Hexapuma settled on her new heading, her bow directly towards Anhur . Not so many years ago it would have been a suicidal position, exposing the wide-open throat of her wedge to any weapon her enemy might fire. But Hexapuma possessed a bow wall even tougher than the conventional sidewalls covering her flanks, and Anhur didn't.

There were ports in Hexapuma's bow wall for the two massive grasers and three lasers she mounted as chase weapons. Like her broadside energy mounts, they were heavier than most battlecruisers had carried at the beginning of the Havenite Wars. In fact, they'd been scaled up even more than her broadside weapons, because they were no longer required to share space with missile tubes now that the RMN's broadside tubes had acquired the ability to fire radically off-bore, and the Manticoran cruiser's fire control had Anhur in a lock of iron. It took Hexapuma another twenty-seven seconds to reverse her heading-twenty-seven seconds in which the missiles which doomed Bogey Two were sent hurtling through space and the bogeys' overtake velocity closed the range between them by 54,362 kilometers.

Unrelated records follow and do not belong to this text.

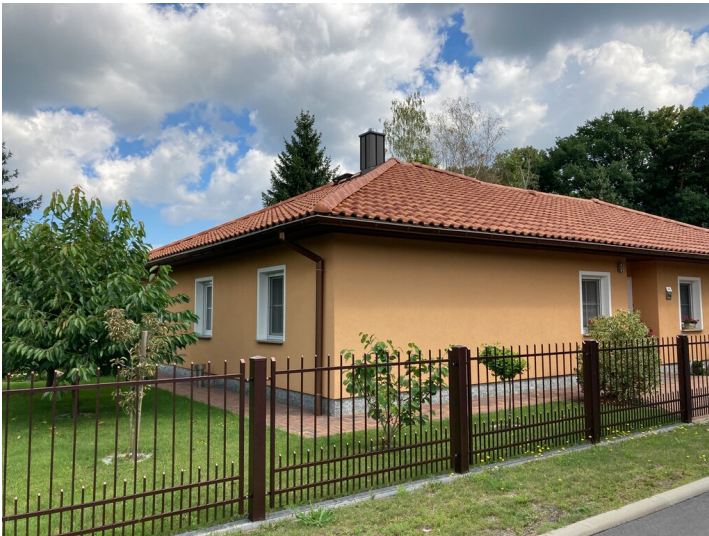
Einfamilienwohnhaus Friedrich-Ebert-Str. 12, Ansicht von Süden
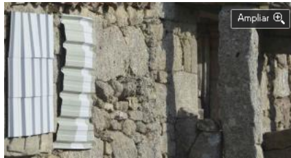
Chapas instaladas para cubrir las tallas de la pared.

La leyenda, según ha referido en ocasiones Alfonso Domingo, viene a ser una trifulca familiar que se saldó de modo artístico. Tras una discusión a voces, y luego con un cantado de Clara a Hércules, éste gritó que "te he de poner donde más te vean", y de este modo petrificó el tenso momento vivido petrificando a Clara en una de las jambas de la puerta de entrada a la casa, y a Hércules en la otra jamba. Es una escenografía llamativa, que los vecinos consideran un aliciente capaz de animar los encantos de una población enclavada en pleno Parque Natural de Arribes del Duero. Un motivo más que añadir a otros patrimonios como puedan ser Los Chiviteros y el mismo Fuerte Nuevo, que algunos consideran un reducto. Alfonso Domingo siempre hizo mención a un cierto agobio por parte de personas que no respetaban a un hombre amante de las faenas del campo y de una existencia tranquila.
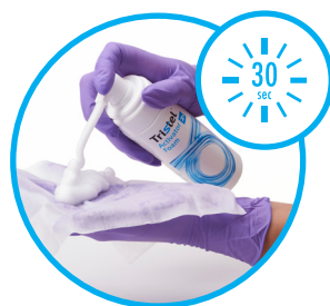
Het Sporicide doekje en Activatorschuim

wordt gebruikt om vuil en organisch materiaal van het medisch hulpmiddel te verwijderen. Het Reinigingsdoekje is geïmpregneerd met een drievoudig enzymatisch detergent en een oppervlakte-actieve stof.
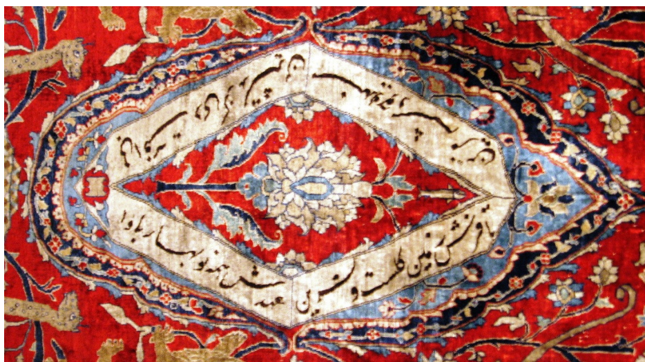
الصورة ٤ سجادة تبريز، القرن ١٤ الهجري (متحف السجاد الإيراني)
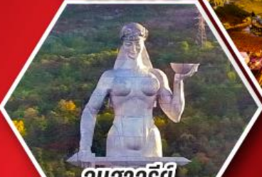
อนุสาวรีย์
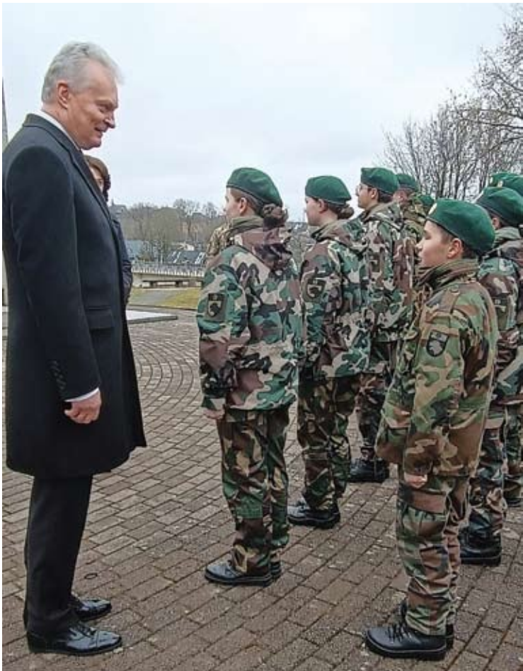
Prie paminklo Antanui Baranauskui Prezidentą Gitaną Nausėdą pasitiko jaunieji šauliai.
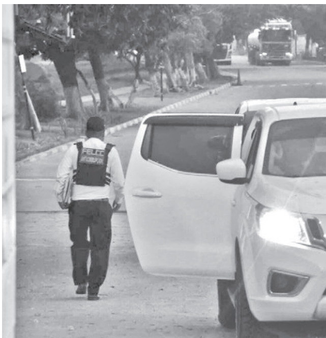
Allanamiento de la Fiscalía en YPFB de Santa Cruz.

Delitos. Las pesquisas apuntan a delitos que incluyen incumplimiento de deberes, corrupción y otros.
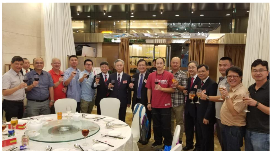
本會出席香港公務員團體慶祝中華人民共和國成立 70 年國慶晚宴
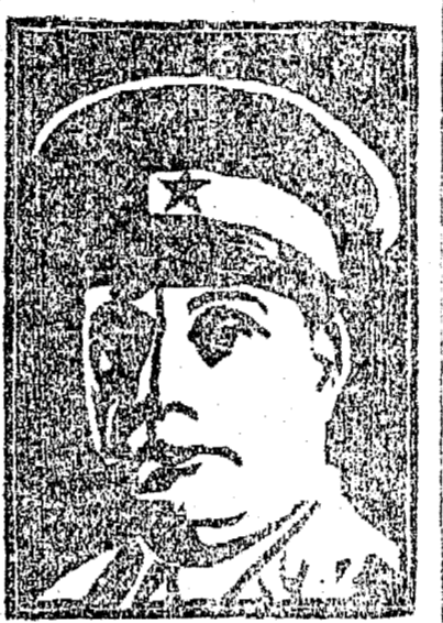
Gal. Góes Monteiro

Rio, 26 — O gal. Góes Monteiro, Ministro da Guerra, dirigiu ás classes armadas do paiz um manifesto que inicia com o seguinte: "Ao Exercito. Ha um com
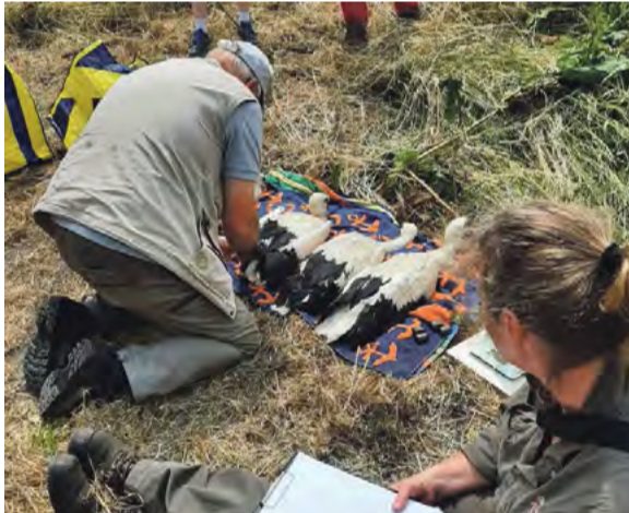
Als echte Amsterdammers kijken de ooievaars niet uit met oversteken. Foto: Marjori Hong, Gefladder.nl Hoog bezoek bij de ooievaars. Foto: Hans Staphorsius. Ooievaars ringen in Park de Kuil (een vierde ooievaar ligt verscholen achter de ringer). Foto: Hans Staphorsius
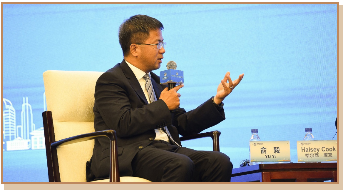
埃森哲全球副总裁俞毅

在上海出席“探寻国际数字治理之道 同创数字产业发展之机”分论坛 暨全球数字产业高峰对接会并主持讨论环节
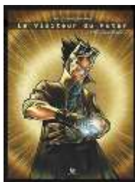
Fig. (3) : La fiche de l'album Le visiteur du futur: L'Élu des Dieux Cette BD qui peut être lue de manière autonome, présente une histoire inédite dans la continuité de la web-série. Le Visiteur est contrarié par le refus de Raph de l'aider, donc il décide de former une nouvelle équipe pour accomplir des missions et sauver le monde. Cependant, les choses prennent une tournure inattendue.

Le 13 juin 2013, entre les deux premières saisons de la série, parue aux éditions Ankama la BD titrée Le Visiteur du Futur : L'Élu des Dieux (figure 3). Cette bande dessinée a été écrite par François Descraques, mise en images par le dessinateur Gosh et colorisée par Stéphane Richard. Des extraits de cette BD ont été exposés à Japan Expo/Comic Con 2012 .
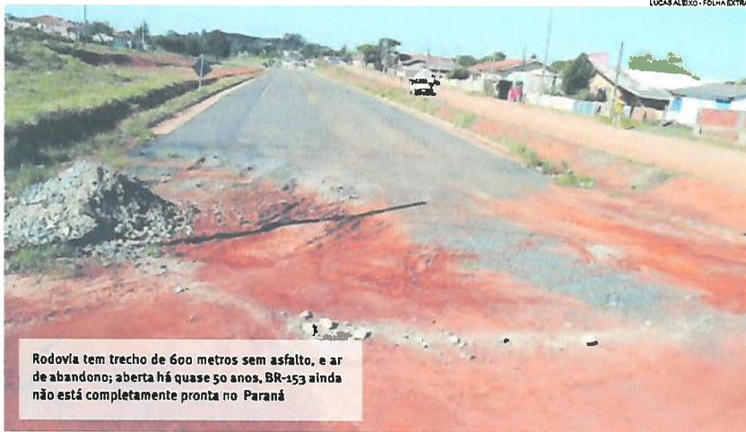
LUCAS ALEXIO - FOLHA EXTRA

O aspecto de “rodovia fantasma” na BR-153 em Ventania, nos Campos Gerais, pode estar prestes e ser transformado após quase 50 anos de espera. O asfalto entre o município e Tibagi chegou finalmente em 2008, mas um trecho de apenas 600 metros, no perímetro urbano de Ventania, continuou sem pavimentação, já que uma vila havia se formado naquele local e a prefeitura precisou realocar os moradores. Assim, mesmo pronto, o trajeto de mais de 40 quilômetros parece nunca ter sido inaugurado e segue com movimento aquém do esperado. Agora, a rodovia pode finalmente ter este trajeto completo. Destaques Página A6
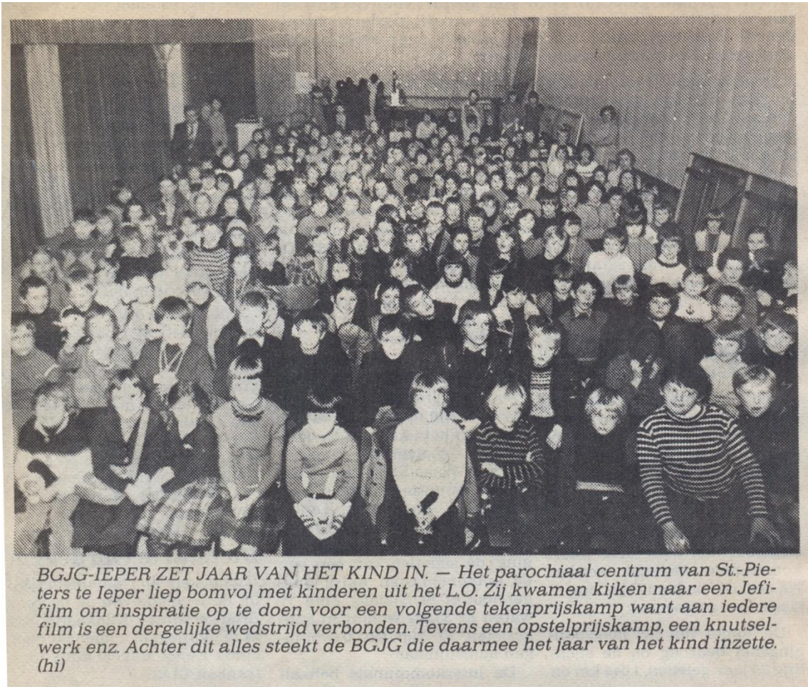
JEFI in de Sint-Catharinazaal, januari 1979

de 16 mm films zeldzaam en werd overgegaan naar video en DVD. De vertoningen gingen dan door in de stadsschouwburg.

Then Terekhov's ship settled on her new heading at maximum military power. She decelerated towards Anhur at seven hundred and twenty gravities even as Bogey One continued to decelerate towards her at 531 g , and that, too, was something Hexapuma wasn't supposed to be able to do. The single enormous tactical drawback to the new bow wall technology was that an impeller wedge had to be open at both ends to function. When the RMN had introduced the new system, it had accepted that ships with raised bow walls would be unable to accelerate and had been happy to do it, given the fact that, for the first time in history, an impeller-drive ship would be protected against the deadly "down the throat" rake which was every tactician's dream.